What you are asked to do → Below are entries. Copy exactly the lines running from the line that holds "Своя часть двора" to the line that holds "พ.ต.ท.ธวัชชัย คำชื่น รอง", with both ends included.

Excerpted data →
══════════

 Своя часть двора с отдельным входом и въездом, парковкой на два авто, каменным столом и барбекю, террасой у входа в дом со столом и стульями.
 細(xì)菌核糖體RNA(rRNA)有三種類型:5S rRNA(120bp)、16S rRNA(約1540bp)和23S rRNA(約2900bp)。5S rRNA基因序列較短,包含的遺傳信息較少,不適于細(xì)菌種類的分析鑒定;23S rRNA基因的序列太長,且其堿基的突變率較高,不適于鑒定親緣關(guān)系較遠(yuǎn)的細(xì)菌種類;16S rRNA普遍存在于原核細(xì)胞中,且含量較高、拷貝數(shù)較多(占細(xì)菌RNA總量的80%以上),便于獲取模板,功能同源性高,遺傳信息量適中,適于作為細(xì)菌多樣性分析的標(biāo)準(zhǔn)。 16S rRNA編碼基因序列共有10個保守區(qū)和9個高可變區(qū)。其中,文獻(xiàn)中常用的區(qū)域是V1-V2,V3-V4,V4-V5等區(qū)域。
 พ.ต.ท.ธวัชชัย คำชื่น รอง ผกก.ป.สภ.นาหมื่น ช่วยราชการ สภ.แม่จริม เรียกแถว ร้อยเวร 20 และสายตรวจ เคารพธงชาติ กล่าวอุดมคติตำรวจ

══════════

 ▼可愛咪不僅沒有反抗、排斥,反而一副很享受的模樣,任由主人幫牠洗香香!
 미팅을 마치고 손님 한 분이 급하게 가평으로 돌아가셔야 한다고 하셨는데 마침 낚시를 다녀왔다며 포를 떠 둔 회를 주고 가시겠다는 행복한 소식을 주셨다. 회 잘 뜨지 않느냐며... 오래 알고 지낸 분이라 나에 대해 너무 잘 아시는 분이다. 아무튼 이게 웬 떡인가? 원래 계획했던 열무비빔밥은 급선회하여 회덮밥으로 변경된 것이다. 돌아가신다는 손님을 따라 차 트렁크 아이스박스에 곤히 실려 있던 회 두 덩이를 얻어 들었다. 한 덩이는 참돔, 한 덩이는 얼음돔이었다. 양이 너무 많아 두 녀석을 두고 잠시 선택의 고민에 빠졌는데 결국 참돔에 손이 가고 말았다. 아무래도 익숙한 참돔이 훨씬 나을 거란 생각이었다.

══════════

Solution to this problem →
 Своя часть двора с отдельным входом и въездом, парковкой на два авто, каменным столом и барбекю, террасой у входа в дом со столом и стульями.
 細(xì)菌核糖體RNA(rRNA)有三種類型:5S rRNA(120bp)、16S rRNA(約1540bp)和23S rRNA(約2900bp)。5S rRNA基因序列較短,包含的遺傳信息較少,不適于細(xì)菌種類的分析鑒定;23S rRNA基因的序列太長,且其堿基的突變率較高,不適于鑒定親緣關(guān)系較遠(yuǎn)的細(xì)菌種類;16S rRNA普遍存在于原核細(xì)胞中,且含量較高、拷貝數(shù)較多(占細(xì)菌RNA總量的80%以上),便于獲取模板,功能同源性高,遺傳信息量適中,適于作為細(xì)菌多樣性分析的標(biāo)準(zhǔn)。 16S rRNA編碼基因序列共有10個保守區(qū)和9個高可變區(qū)。其中,文獻(xiàn)中常用的區(qū)域是V1-V2,V3-V4,V4-V5等區(qū)域。
 พ.ต.ท.ธวัชชัย คำชื่น รอง ผกก.ป.สภ.นาหมื่น ช่วยราชการ สภ.แม่จริม เรียกแถว ร้อยเวร 20 และสายตรวจ เคารพธงชาติ กล่าวอุดมคติตำรวจ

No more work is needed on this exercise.